After almost eight years of inactivity on television service, on July 3, 2011, UHF 31 returned its operations as a test broadcast. The station (along with some RMN-owned UHF stations nationwide) was occupied by Broadcast Enterprises and Affiliated Media, after the latter bought up the acquisition by Bethlehem Holdings, Inc. (funded by Globe Telecom's Group Retirement Fund) from RMN. Under new ownership, BEAM began its affiliation partnership with Solar Entertainment Corporation.

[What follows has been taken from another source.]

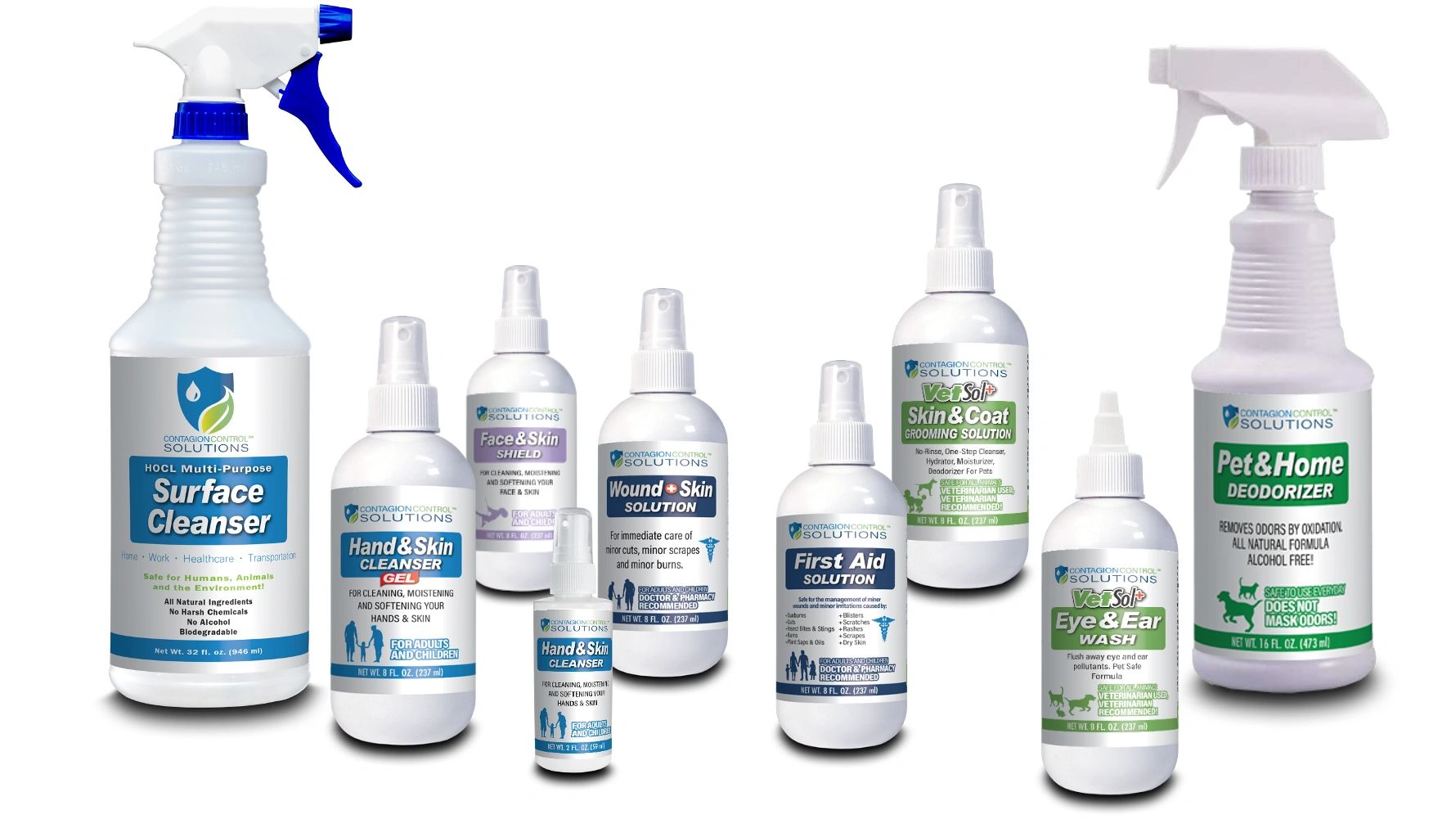 All of Contagion Control Solutions products contain hypochlorous acid and are formulated with varying concentrations to create a full line of products effective in several areas covering wound and skin management, from household cleaning or disinfecting to vet care and first aid. Contagion Control Solutions Disinfectant, registered by the EPA, and Contagion Control Solutions Wound and Skin, cleared by the FDA as a 510k medical device are the two flagship products of the Contagion Control Solutions line, and as leaders of the Contagion Control Solutions family, can give you the assurance of our product’s validity .CCS Solution is FDA,EPA,USDA,ISO,OMRI certified and CDC recommended .We are one of the highest 3rd party tested lines in the industry.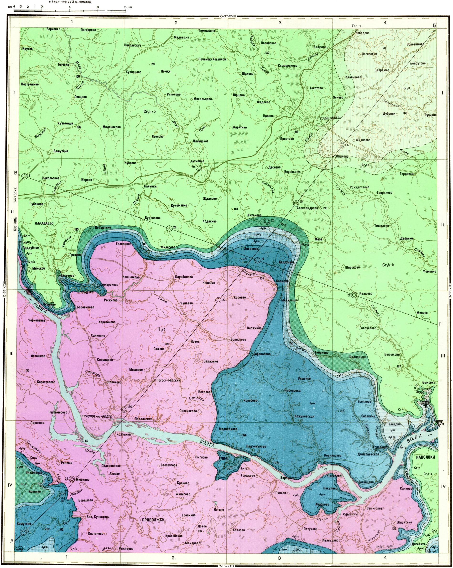O-37-XXIV. Геологическая карта СССР. Геологическая карта дочетвертичных отложений. Московская серия

The network was branded on July 13 as BEAM Channel 31. On August 15, 2011, it started its initial broadcast carrying The Game Channel.

====As CHASE====
On December 24, 2011, The Game Channel limited its broadcast on daytime sharing with a new programming service called CHASE which takes over the evening block. In February 2012, both services aired a promotion, announcing the split of CHASE and TGC to form themselves as separate channels, which entitled "CHASE goes 24". The changes took effect on February 15, 2012, when The Game Channel bade goodbye to the viewers after its 7-month run on free TV and became a cable-only channel; while CHASE leased and took its entire BEAM airtime on free TV.

====As Jack City====
On September 7, 2012, Jack TV plugged their announcement thru CHASE programs bearing the title "Another Jack TV is rising, coming soon on this channel" (BEAM Channel 31). This indicated that CHASE was being replaced; finally, on October 20, 2012, Jack City was then launched, marking October 19 as the end of CHASE's broadcasts. Jack City still does carry some of CHASE's programs however. The full broadcast was initiated on November 11, 2012. On June 28, 2013, Jack City was forced to reduce its Free TV broadcast to 18 hours a day on BEAM in compliance with the National Telecommunications Commission's guidelines. However, it still continues to air as a cable channel 24 hours a day.

On July 16, 2014, the day that Metro Manila was crippled by "Typhoon Glenda (Rammasun)", the station became inactive. It was later found out that the transmitter located in Palos Verdes in Antipolo, Rizal received a total damage to some of its facilities done by the said typhoon. As a result, the station shuts down temporarily for another maintenance, and continued its telecast on cable networks. Somehow it resumed telecast on August 10, 2014, at 9:00 PM, but still under observation.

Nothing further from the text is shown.